As for the Baltimore veggie gardens, from a purely economic viewpoint, using public space to grow food for impoverished people (as will be done with the Baltimore crop) is most likely inefficient.
Paying city workers to tend small, mixed plots can never be as cost effective as, for instance, buying vegetables wholesale for distribution at food banks. But while this would be cheaper, it would probably be neither encouraging sustainable or organic agriculture, nor a departure from the generic 'script' for using city space and money.
Mayor Sheila Dixon hopes that the Baltimore vegetable gardens will "show that...an urban environment...can still maintain healthy eating."--which is important, yes--but I think whats most notable about the project is that it shows dramatically how urban space can be put to innovative uses.
Courtyards, empty lots, parking decks could offer the city more than bland expanses of eyesore. They could offer engagement-- and purpose.
[A variation on the urban vertical farm, a "farmscraper" (image from treehugger.com.) ]
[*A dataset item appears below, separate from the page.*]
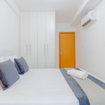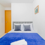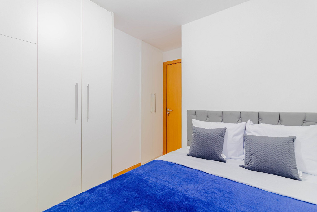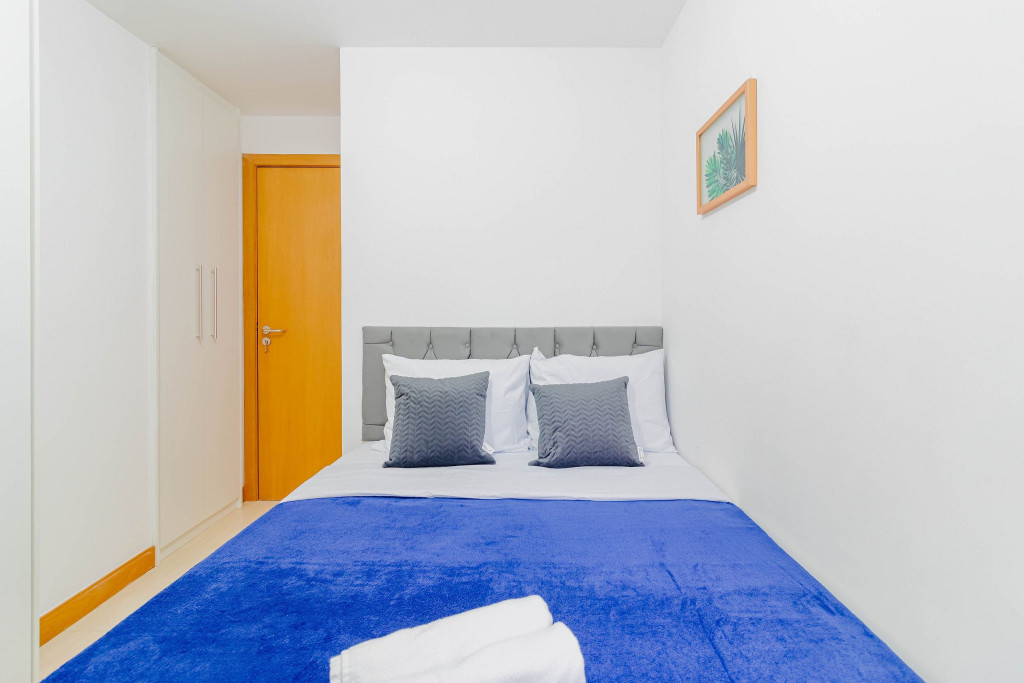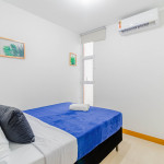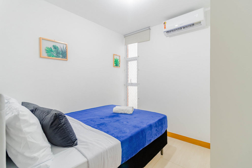 Os quartos são compostos da seguinte forma: Quarto 1: 1 cama casal, 1 colchão solteiro, ar condicionado split, cortina blackout e armário; Quarto 2: 1 cama casal, ar condicionado split, cortina blackout e armário.

Community gardens, allotment gardens (both of which can be found in Baltimore), green roofs, green walls and even extreme implementations like guerrilla gardens (is that what these are called?) and farmscrapers are all transformative uses for urban space which make environments aesthetically pleasing (by including growing life), useful, edible and engaging--in short, livable.
[A green wall made of melon plants at the Itabashi Primary school in Tokyo. (from Wikipedia)]
In the past month I've noticed two of the tiny lawns on my block have been torn out and replaced with small vegetable gardens, and I think it's a good sign.
Small private patches, community projects and municipal projects all engage the city in different ways, on different scales, but they make the city a more interesting place to be.